Sometime in the last 10 years, the spiked punch of Hollywood romantic banter fermented into throat-scouring moonshine. In teen flicks lately, most boys undergo all manner of verbal abuse as prelude to physical gratification. Julia Roberts is perpetually sniping, screeching, and foot-stamping at an endless procession of shrugging guys, and all the while hangs onto her crown as America's sweetheart. And in the farce Heartbreakers, Jennifer Love Hewitt and Jason Lee start playing Martha and George in Who's Afraid of Virginia Woolf? upon their first meeting; the girl's wild mood swings and unprompted outbursts of cruelty suggest not your garden-variety beeyatch but a bipolar cocktease. Her swain's stalwart patience would be understandable if all he wanted were a toss in the sackthe bodacious Hewitt, bound and taped into economy-size dresses and tarted up in Sharon Tate maquillage, evokes Barbarella as mallwalker. But in a studio rom-com, people have to say I Love You and mean it; they're conscripted to marry.

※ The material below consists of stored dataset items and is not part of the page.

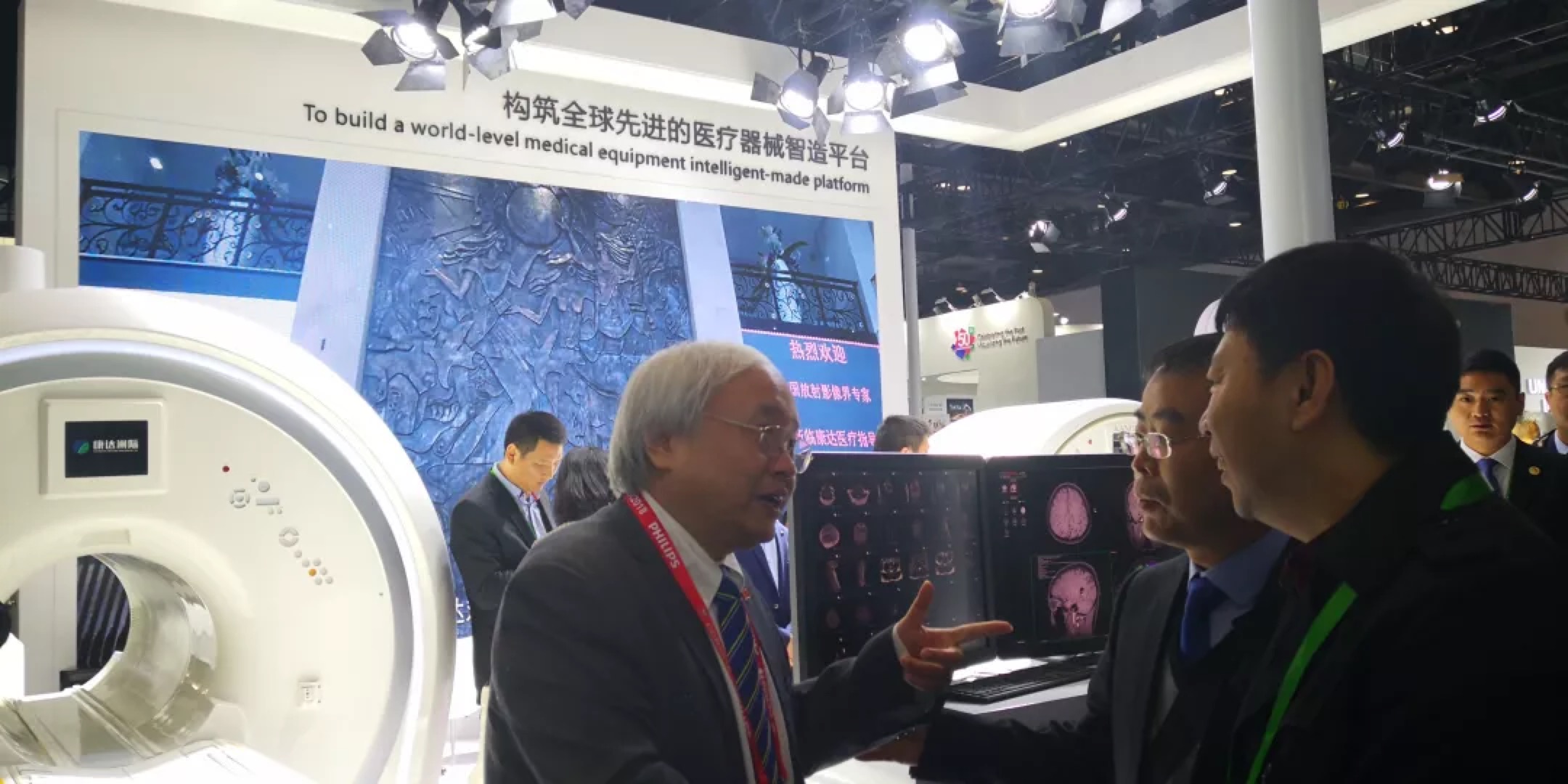 中國放射學(xué)家、中華醫(yī)學(xué)會放射學(xué)分會主任委員、北京協(xié)和醫(yī)院放射科主任金征宇一行也特意來到了康達洲際展臺。金征宇教授在聽取了康達的工作人員對康達洲際1.5T磁共振等一系列產(chǎn)品的介紹后,對康達洲際在產(chǎn)品的研發(fā)和創(chuàng)新上給予了高度肯定。
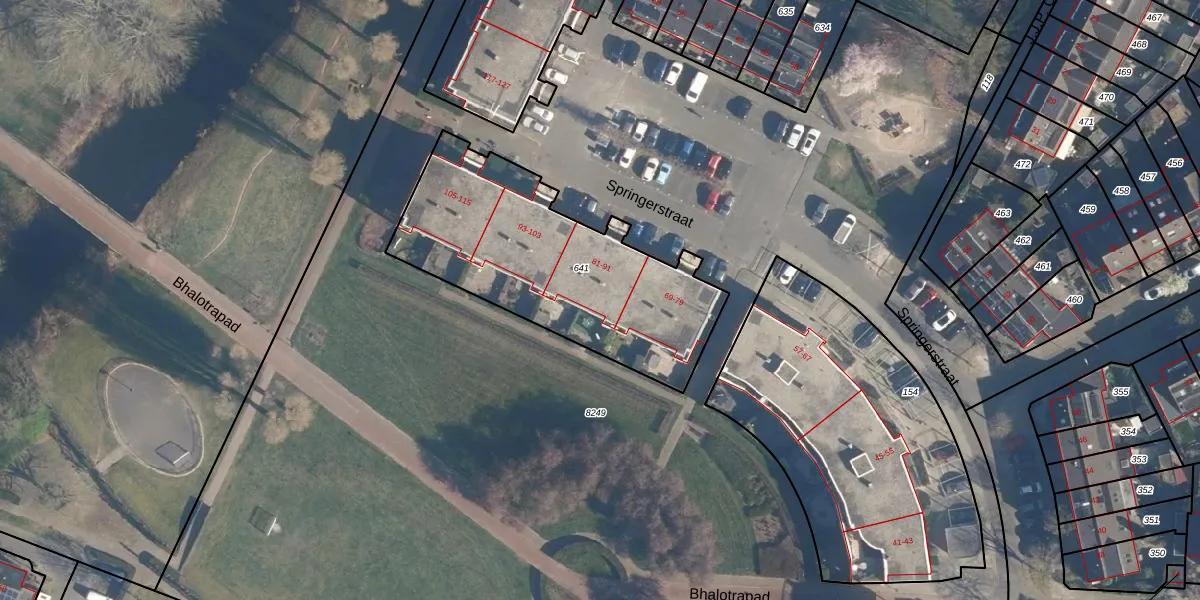 Springerstraat 85 is gelegen op kadastraal perceel AMF00O641. Deze kadastrale aanduiding is uniek en wordt gebruikt door het Kadaster om eigendomsrechten en andere zakelijke rechten vast te leggen. Het perceel maakt onderdeel uit van de kadastrale gemeente Amersfoort.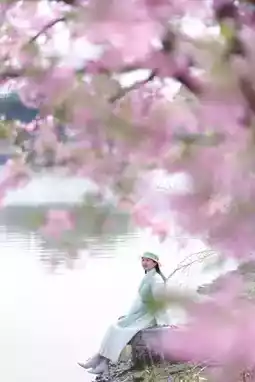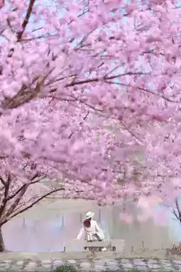 5⃣ 绿意盎然的湖畔:坐在湖边,以湖光山色为背景,樱花盛开为前景,俯瞰美景。湖面倒映着樱花和蓝天,宛如一幅清新雅致的画卷。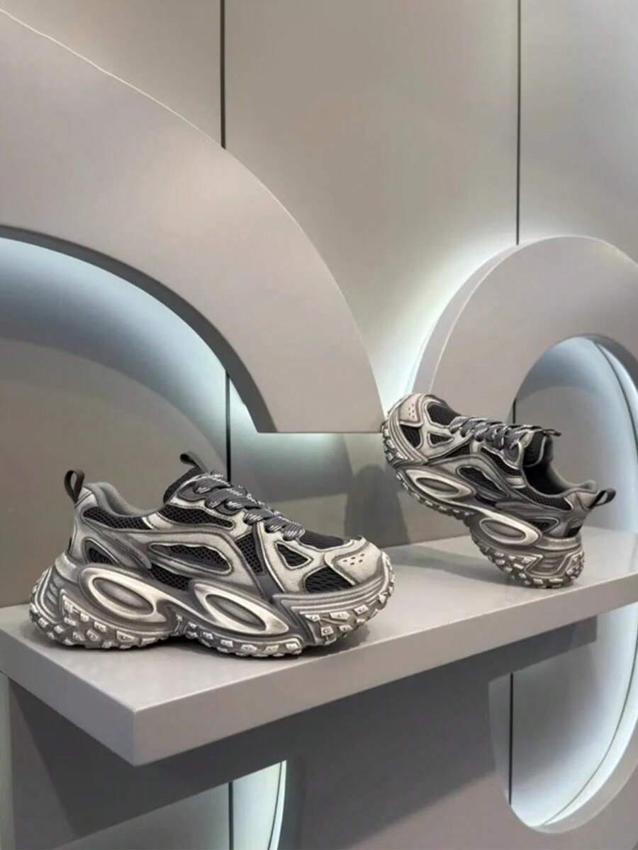 Zapatillas deportivas con suela gruesa cómodas y con estilo vintage desgastadas para hombre, calzado atlético muy atractivo y con diseño de calle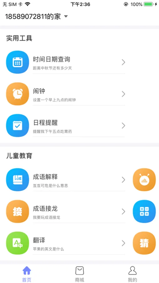 1. 绑定机器人:快速的帮您创建家庭、添加机器人,通过手机进行机器人绑定;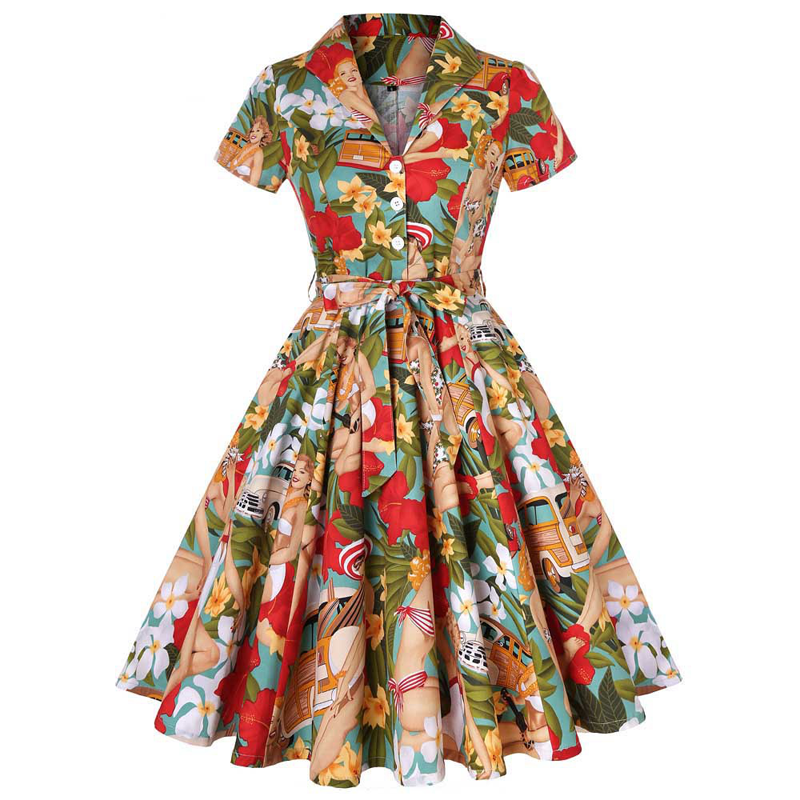 Paketet innehÄller: 1 * Kvinnors tryckta Lapel V-Neck lÄngklÀnning med bÀlte

Heartbreakers opens with a marriage: Sigourney Weaver weds Ray Liotta (in his glinting sportcoat and butterfly collar from GoodFellas), falls asleep pre-consummation, and discovers him the next morning with his zipper caught in Hewitt's hair. Once Weaver secures a fat divorce settlement, it's made clear that the wife and the homewrecker are in fact a bitter mom-and-tot team of con artists, entrapping horny millionaires as revenge for the cad who pulled a "conceive and leave" on Weaver back when she was a dewy innocent, sticking her with a daughter she resents and smothers. The gruesome twosome then set their sights on near-dead tobacco baron Gene Hackman (putrescent geriatric hijinks abound), but Hewitt's nasty dullard gets distracted by the attentions of Lee's slacker bartender and the gradual realization that her mother is one sick fuck. Oafishly staged by zoom-addled David Mirkin (Romy and Michele's High School Reunion), Heartbreakers gives redemption a bad name, but gives conniving misanthropy a worse one. It seems that grifters can quell the pain inside if they stop abusing total strangers on the fly and find that special someone they can abuse for life.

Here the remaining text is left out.